**What the task asks**. Restate the listing below word for word, and leave its pictures behind.

**The data**.

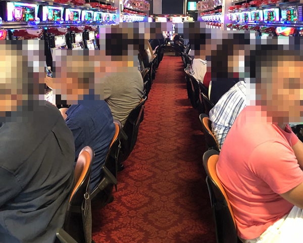 4円パチンコで人気を集めていたのは、新台の「ぱちんこCR北斗の拳7 百裂乱舞」と「CRぱちんこ冬のソナタ Remember」。理想的ともいえる展開で遊技を楽しんでいる場面もみられ、プレイヤーたちに尊敬の眼差しを向けた。
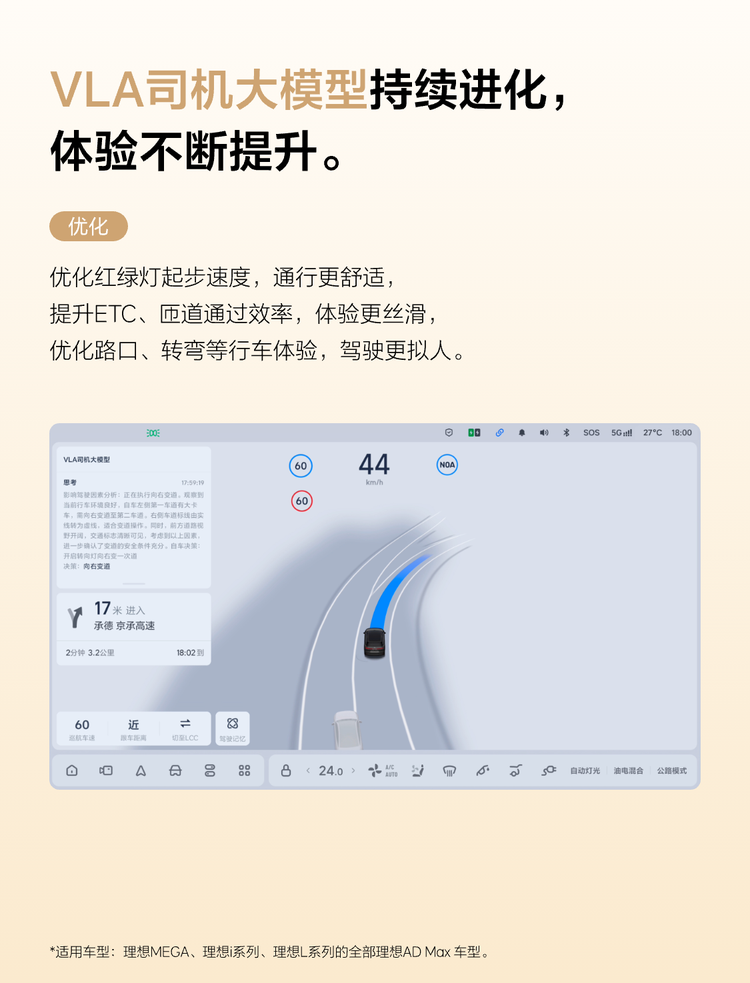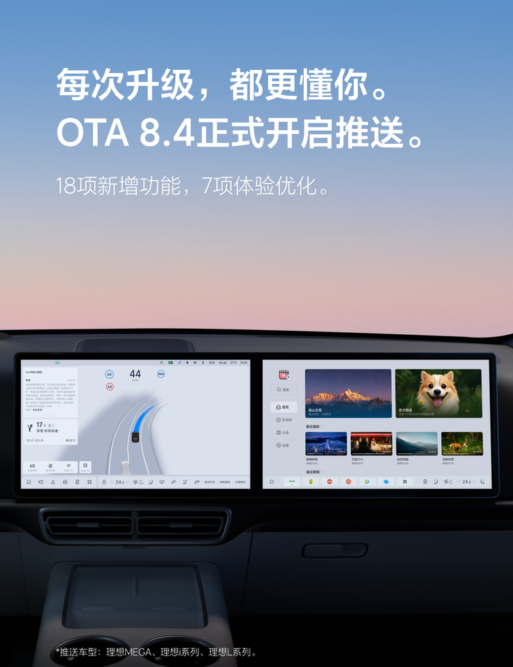 理想汽车OTA 8.4版本正式推送,这次更新把重点放在了辅助驾驶和智能座舱这两个核心领域。VLA司机大模型得到了多方面的优化,行车体验更接近真人驾驶。同时,理想AI眼镜Livis和车机系统实现了深度的生态联动,还新增了一些实用的功能和娱乐玩法。这次升级覆盖了理想L系列智能焕新版Max车型、 理想MEGA(参数|询价)以及理想i系列的相关车型。
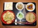 かつ丼(豚ロースカツ、玉ネギ、たまご、グリンピース)、味噌汁(ワカメ、おふ、長ネギ)、かき菜の辛子マヨネーズ和え、うずら豆煮、キュウリの一夜漬け、フルーツ:ミネオラオレンジ |
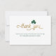 Det här tackkort-kortet för klass och elegant har en grönt med fyra löv klöver (schysrock) ovanför ord"Tack" i ett guld-skript (simulerad folie). Bakgrunden är vit, men kan ändras till valfri färg. Kortets baksida är grönt och kan även ändras till valfri färg.

**Response area**.
 4円パチンコで人気を集めていたのは、新台の「ぱちんこCR北斗の拳7 百裂乱舞」と「CRぱちんこ冬のソナタ Remember」。理想的ともいえる展開で遊技を楽しんでいる場面もみられ、プレイヤーたちに尊敬の眼差しを向けた。
 理想汽车OTA 8.4版本正式推送,这次更新把重点放在了辅助驾驶和智能座舱这两个核心领域。VLA司机大模型得到了多方面的优化,行车体验更接近真人驾驶。同时,理想AI眼镜Livis和车机系统实现了深度的生态联动,还新增了一些实用的功能和娱乐玩法。这次升级覆盖了理想L系列智能焕新版Max车型、 理想MEGA(参数|询价)以及理想i系列的相关车型。
 かつ丼(豚ロースカツ、玉ネギ、たまご、グリンピース)、味噌汁(ワカメ、おふ、長ネギ)、かき菜の辛子マヨネーズ和え、うずら豆煮、キュウリの一夜漬け、フルーツ:ミネオラオレンジ |
 Det här tackkort-kortet för klass och elegant har en grönt med fyra löv klöver (schysrock) ovanför ord"Tack" i ett guld-skript (simulerad folie). Bakgrunden är vit, men kan ändras till valfri färg. Kortets baksida är grönt och kan även ändras till valfri färg.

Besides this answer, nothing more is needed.